● Material to process
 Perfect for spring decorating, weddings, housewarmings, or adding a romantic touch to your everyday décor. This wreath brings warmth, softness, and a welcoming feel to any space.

...

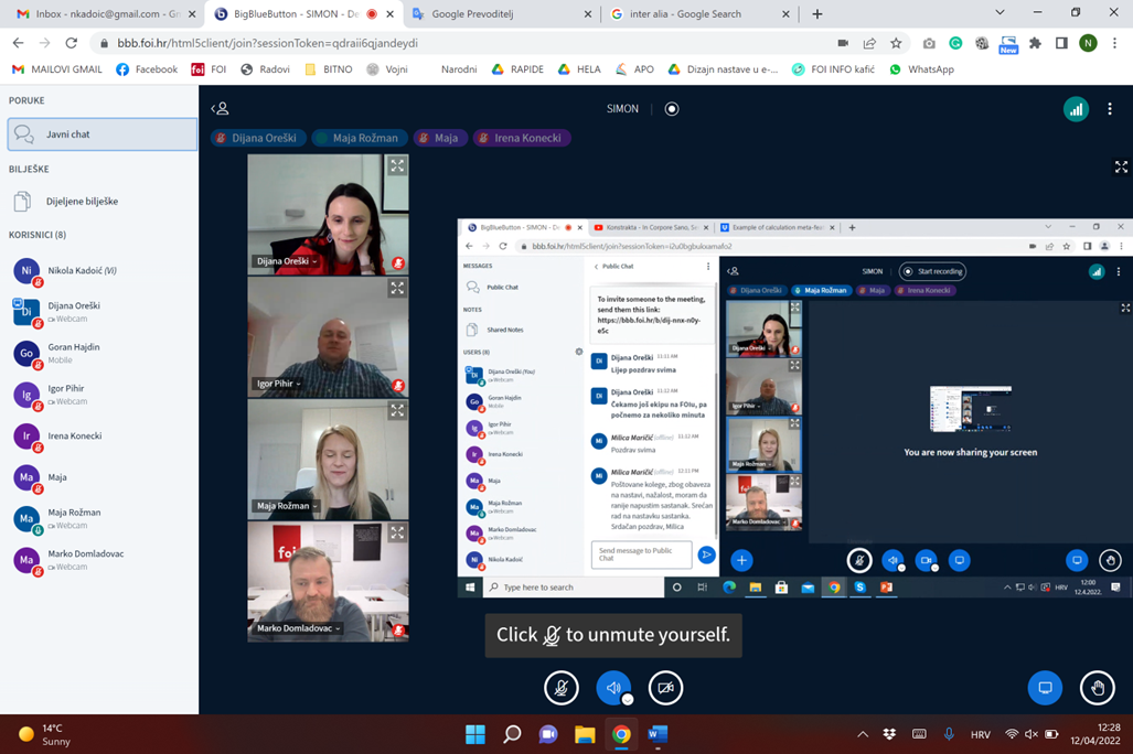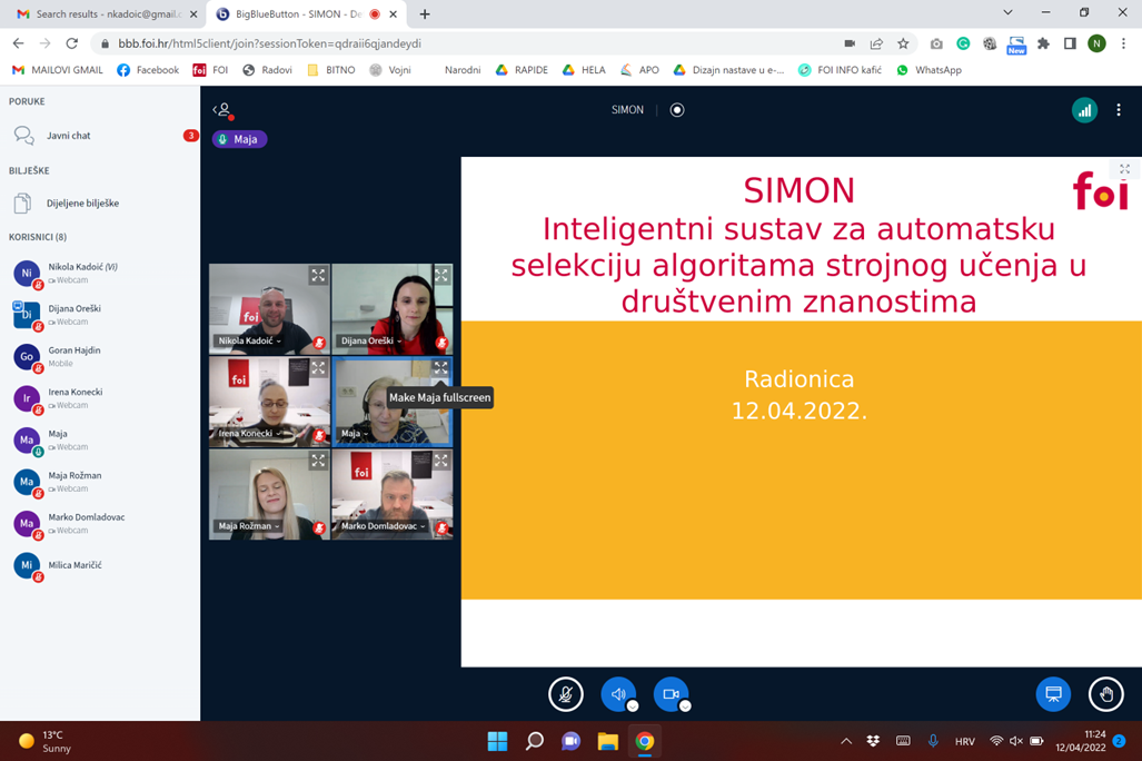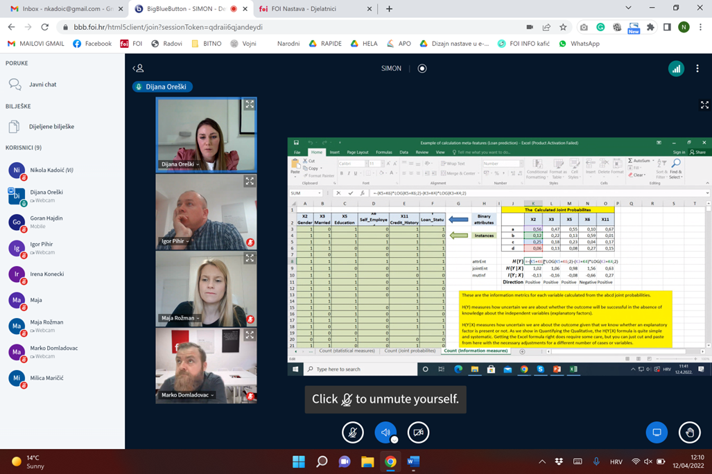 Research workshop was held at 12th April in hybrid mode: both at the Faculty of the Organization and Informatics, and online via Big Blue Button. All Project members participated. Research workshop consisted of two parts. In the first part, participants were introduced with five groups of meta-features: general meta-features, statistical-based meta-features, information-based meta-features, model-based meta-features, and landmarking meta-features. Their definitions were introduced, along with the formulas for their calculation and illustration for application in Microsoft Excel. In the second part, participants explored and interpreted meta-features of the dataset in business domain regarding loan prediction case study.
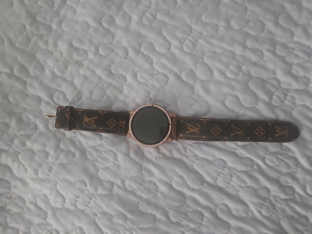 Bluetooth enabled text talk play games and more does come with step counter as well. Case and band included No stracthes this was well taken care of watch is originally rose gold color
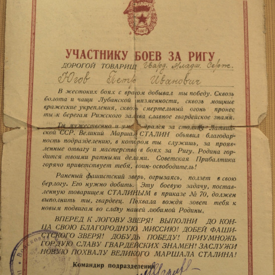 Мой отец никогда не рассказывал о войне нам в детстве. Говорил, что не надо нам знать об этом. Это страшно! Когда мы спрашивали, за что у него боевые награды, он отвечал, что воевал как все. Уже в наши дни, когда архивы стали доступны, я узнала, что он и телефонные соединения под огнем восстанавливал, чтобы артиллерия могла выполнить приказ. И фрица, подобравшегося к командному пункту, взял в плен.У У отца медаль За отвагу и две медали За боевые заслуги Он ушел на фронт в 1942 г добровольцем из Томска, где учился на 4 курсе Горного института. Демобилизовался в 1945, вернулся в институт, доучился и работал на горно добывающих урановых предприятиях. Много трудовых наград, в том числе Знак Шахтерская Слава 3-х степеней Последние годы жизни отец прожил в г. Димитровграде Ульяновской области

● Task
What is needed is an exact copy of the lines above, from the one holding "Bluetooth enabled text" down to the one holding "Мой отец никогда", with those two included and the pictures left out.

● Completed exercise
 Bluetooth enabled text talk play games and more does come with step counter as well. Case and band included No stracthes this was well taken care of watch is originally rose gold color
 Мой отец никогда не рассказывал о войне нам в детстве. Говорил, что не надо нам знать об этом. Это страшно! Когда мы спрашивали, за что у него боевые награды, он отвечал, что воевал как все. Уже в наши дни, когда архивы стали доступны, я узнала, что он и телефонные соединения под огнем восстанавливал, чтобы артиллерия могла выполнить приказ. И фрица, подобравшегося к командному пункту, взял в плен.У У отца медаль За отвагу и две медали За боевые заслуги Он ушел на фронт в 1942 г добровольцем из Томска, где учился на 4 курсе Горного института. Демобилизовался в 1945, вернулся в институт, доучился и работал на горно добывающих урановых предприятиях. Много трудовых наград, в том числе Знак Шахтерская Слава 3-х степеней Последние годы жизни отец прожил в г. Димитровграде Ульяновской области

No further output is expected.